Directions for the data below: repeat exactly the lines from the one with "La funeraria SAN" through the one with "Double RJ-45 computer", both included, and omit all pictures.

***** Given data *****

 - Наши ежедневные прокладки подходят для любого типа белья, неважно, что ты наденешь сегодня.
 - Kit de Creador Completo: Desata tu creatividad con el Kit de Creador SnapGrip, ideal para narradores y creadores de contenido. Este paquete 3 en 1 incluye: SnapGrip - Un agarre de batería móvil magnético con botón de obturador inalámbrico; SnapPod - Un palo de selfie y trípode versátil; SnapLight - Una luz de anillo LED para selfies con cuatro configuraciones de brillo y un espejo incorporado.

*****
***** Given data *****

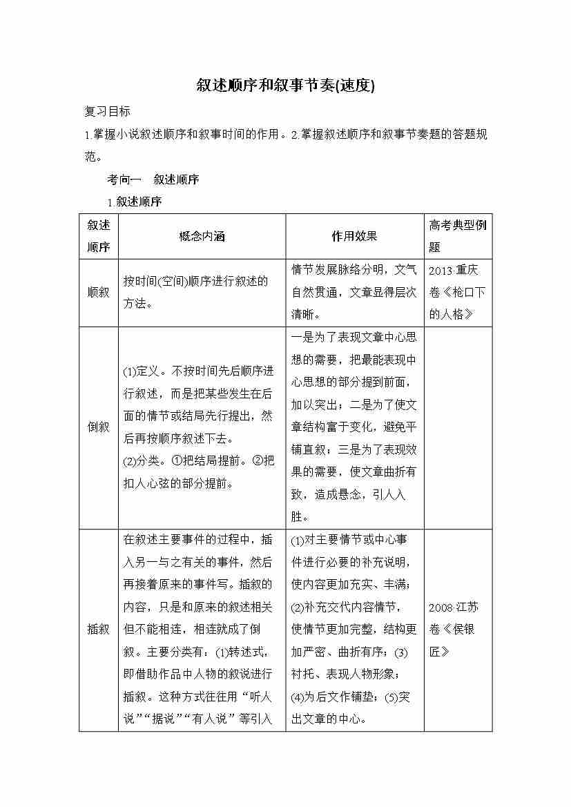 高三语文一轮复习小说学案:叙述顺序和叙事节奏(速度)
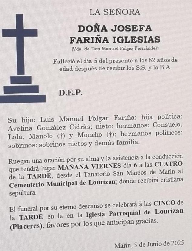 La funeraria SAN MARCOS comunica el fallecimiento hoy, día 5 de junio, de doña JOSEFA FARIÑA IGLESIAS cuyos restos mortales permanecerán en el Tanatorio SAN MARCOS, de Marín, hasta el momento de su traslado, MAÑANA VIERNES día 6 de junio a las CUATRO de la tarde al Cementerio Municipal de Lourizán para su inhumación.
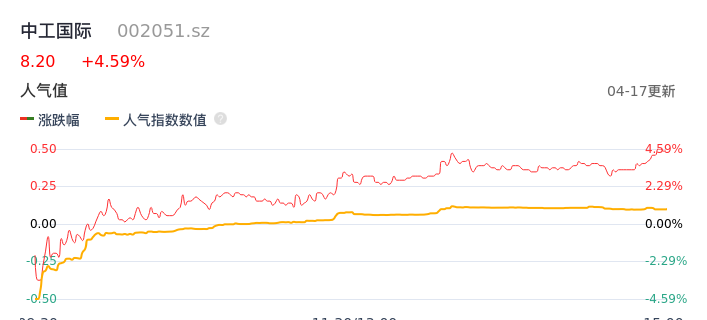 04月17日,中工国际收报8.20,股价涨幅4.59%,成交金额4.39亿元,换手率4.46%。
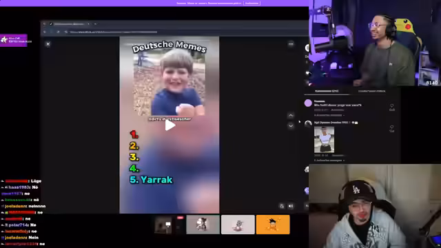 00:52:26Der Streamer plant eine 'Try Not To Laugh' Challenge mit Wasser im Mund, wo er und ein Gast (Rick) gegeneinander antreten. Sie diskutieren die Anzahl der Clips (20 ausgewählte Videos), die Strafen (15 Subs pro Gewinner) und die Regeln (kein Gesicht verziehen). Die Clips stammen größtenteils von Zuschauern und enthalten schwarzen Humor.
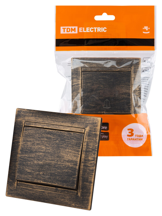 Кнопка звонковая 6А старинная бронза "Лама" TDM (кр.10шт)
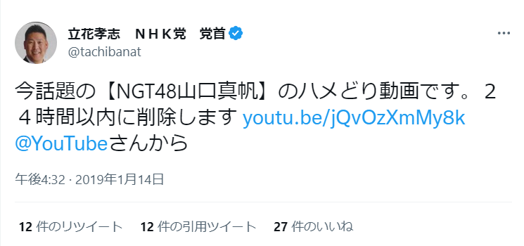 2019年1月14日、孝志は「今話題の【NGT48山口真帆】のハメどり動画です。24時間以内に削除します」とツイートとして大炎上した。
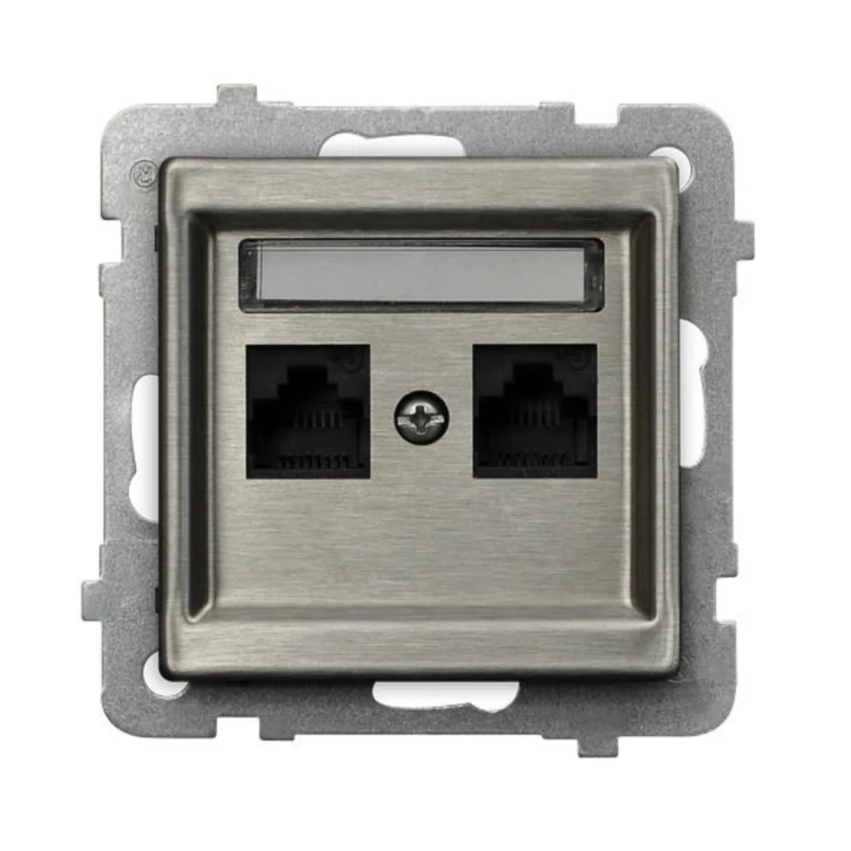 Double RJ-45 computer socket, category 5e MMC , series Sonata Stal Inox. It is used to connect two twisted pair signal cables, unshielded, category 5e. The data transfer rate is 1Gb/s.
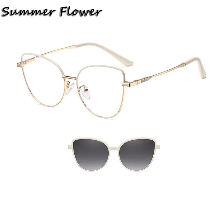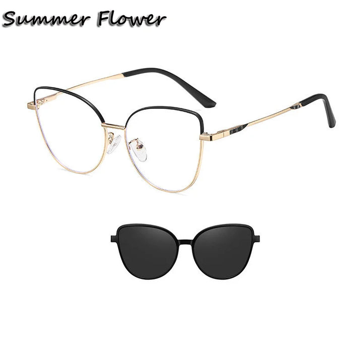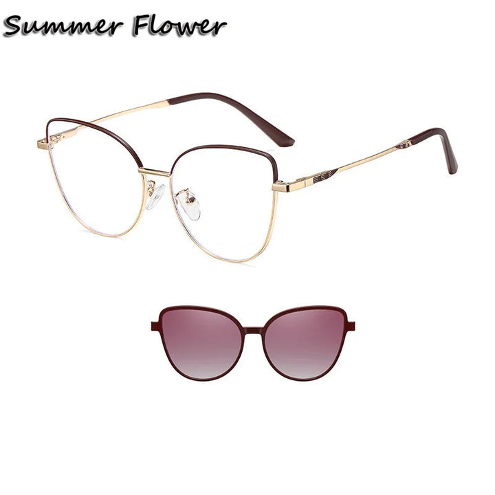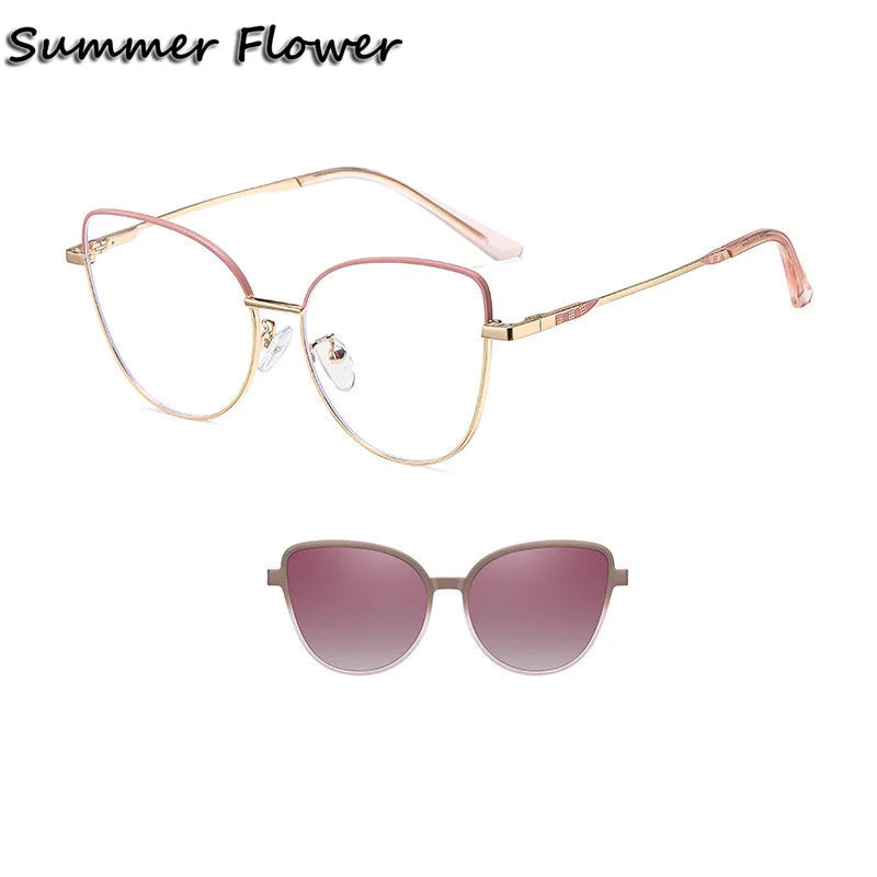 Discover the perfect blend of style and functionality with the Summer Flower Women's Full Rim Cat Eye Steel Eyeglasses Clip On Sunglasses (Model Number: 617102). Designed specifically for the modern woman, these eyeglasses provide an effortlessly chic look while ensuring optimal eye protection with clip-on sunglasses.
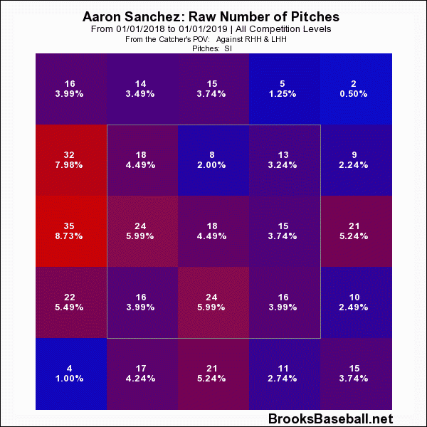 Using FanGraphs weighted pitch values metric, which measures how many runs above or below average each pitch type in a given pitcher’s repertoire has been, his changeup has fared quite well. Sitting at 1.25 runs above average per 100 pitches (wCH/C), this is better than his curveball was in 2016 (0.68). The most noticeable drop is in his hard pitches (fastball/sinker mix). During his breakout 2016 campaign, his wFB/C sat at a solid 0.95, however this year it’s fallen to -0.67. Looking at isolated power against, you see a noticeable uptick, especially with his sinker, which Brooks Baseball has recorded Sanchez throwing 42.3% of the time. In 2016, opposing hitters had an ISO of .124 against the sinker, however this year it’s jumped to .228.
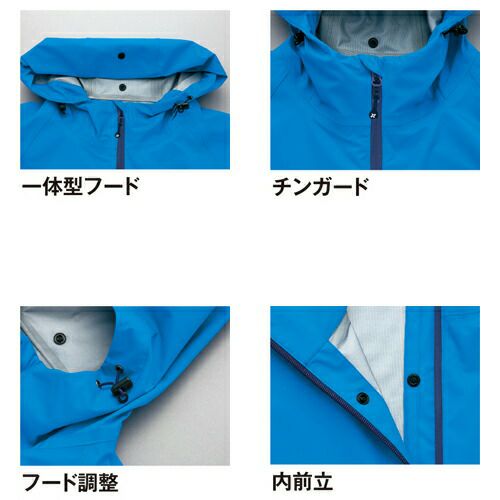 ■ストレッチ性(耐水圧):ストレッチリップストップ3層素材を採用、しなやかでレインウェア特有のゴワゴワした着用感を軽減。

*****

Exercise output →
 La funeraria SAN MARCOS comunica el fallecimiento hoy, día 5 de junio, de doña JOSEFA FARIÑA IGLESIAS cuyos restos mortales permanecerán en el Tanatorio SAN MARCOS, de Marín, hasta el momento de su traslado, MAÑANA VIERNES día 6 de junio a las CUATRO de la tarde al Cementerio Municipal de Lourizán para su inhumación.
 04月17日,中工国际收报8.20,股价涨幅4.59%,成交金额4.39亿元,换手率4.46%。
 00:52:26Der Streamer plant eine 'Try Not To Laugh' Challenge mit Wasser im Mund, wo er und ein Gast (Rick) gegeneinander antreten. Sie diskutieren die Anzahl der Clips (20 ausgewählte Videos), die Strafen (15 Subs pro Gewinner) und die Regeln (kein Gesicht verziehen). Die Clips stammen größtenteils von Zuschauern und enthalten schwarzen Humor.
 Кнопка звонковая 6А старинная бронза "Лама" TDM (кр.10шт)
 2019年1月14日、孝志は「今話題の【NGT48山口真帆】のハメどり動画です。24時間以内に削除します」とツイートとして大炎上した。
 Double RJ-45 computer socket, category 5e MMC , series Sonata Stal Inox. It is used to connect two twisted pair signal cables, unshielded, category 5e. The data transfer rate is 1Gb/s.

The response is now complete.